**Task item**. Nothing but an exact copy is asked for: the lines in the material below from the one with "DESIGN FEATURES: 6" through the one with "The Gravity Science", pictures excluded.

**Data**.
====

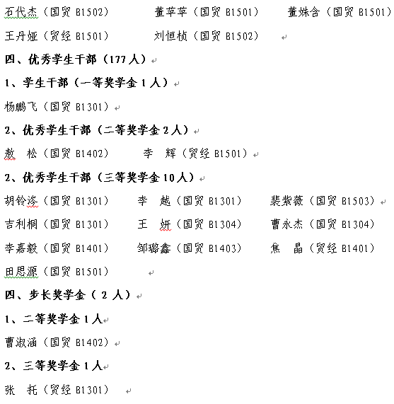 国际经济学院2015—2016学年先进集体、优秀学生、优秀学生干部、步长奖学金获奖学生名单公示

====

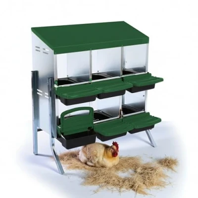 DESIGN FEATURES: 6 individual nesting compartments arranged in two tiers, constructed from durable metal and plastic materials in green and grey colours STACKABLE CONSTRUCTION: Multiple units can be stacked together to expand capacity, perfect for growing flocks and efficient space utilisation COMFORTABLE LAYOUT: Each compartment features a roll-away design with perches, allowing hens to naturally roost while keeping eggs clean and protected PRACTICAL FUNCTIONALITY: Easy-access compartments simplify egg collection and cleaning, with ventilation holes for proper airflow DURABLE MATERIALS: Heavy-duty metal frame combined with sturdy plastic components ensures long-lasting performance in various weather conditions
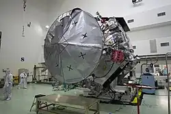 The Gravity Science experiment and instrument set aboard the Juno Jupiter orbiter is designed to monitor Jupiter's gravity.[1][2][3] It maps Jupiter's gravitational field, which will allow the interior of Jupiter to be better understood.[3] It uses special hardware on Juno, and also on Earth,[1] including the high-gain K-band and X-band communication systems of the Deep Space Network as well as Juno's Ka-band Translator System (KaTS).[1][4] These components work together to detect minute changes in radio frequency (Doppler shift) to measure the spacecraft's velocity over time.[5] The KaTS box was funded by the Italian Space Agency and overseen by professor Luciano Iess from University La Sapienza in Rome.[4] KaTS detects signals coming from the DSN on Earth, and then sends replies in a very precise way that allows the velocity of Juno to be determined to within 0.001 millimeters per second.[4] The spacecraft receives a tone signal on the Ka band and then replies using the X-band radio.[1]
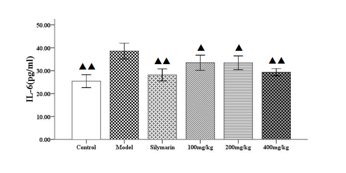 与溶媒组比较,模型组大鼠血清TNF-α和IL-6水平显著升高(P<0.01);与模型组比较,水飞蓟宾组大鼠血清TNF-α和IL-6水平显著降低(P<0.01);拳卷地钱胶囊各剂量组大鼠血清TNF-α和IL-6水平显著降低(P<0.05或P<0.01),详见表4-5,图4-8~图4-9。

====

**Response to the task**.
 DESIGN FEATURES: 6 individual nesting compartments arranged in two tiers, constructed from durable metal and plastic materials in green and grey colours STACKABLE CONSTRUCTION: Multiple units can be stacked together to expand capacity, perfect for growing flocks and efficient space utilisation COMFORTABLE LAYOUT: Each compartment features a roll-away design with perches, allowing hens to naturally roost while keeping eggs clean and protected PRACTICAL FUNCTIONALITY: Easy-access compartments simplify egg collection and cleaning, with ventilation holes for proper airflow DURABLE MATERIALS: Heavy-duty metal frame combined with sturdy plastic components ensures long-lasting performance in various weather conditions
 The Gravity Science experiment and instrument set aboard the Juno Jupiter orbiter is designed to monitor Jupiter's gravity.[1][2][3] It maps Jupiter's gravitational field, which will allow the interior of Jupiter to be better understood.[3] It uses special hardware on Juno, and also on Earth,[1] including the high-gain K-band and X-band communication systems of the Deep Space Network as well as Juno's Ka-band Translator System (KaTS).[1][4] These components work together to detect minute changes in radio frequency (Doppler shift) to measure the spacecraft's velocity over time.[5] The KaTS box was funded by the Italian Space Agency and overseen by professor Luciano Iess from University La Sapienza in Rome.[4] KaTS detects signals coming from the DSN on Earth, and then sends replies in a very precise way that allows the velocity of Juno to be determined to within 0.001 millimeters per second.[4] The spacecraft receives a tone signal on the Ka band and then replies using the X-band radio.[1]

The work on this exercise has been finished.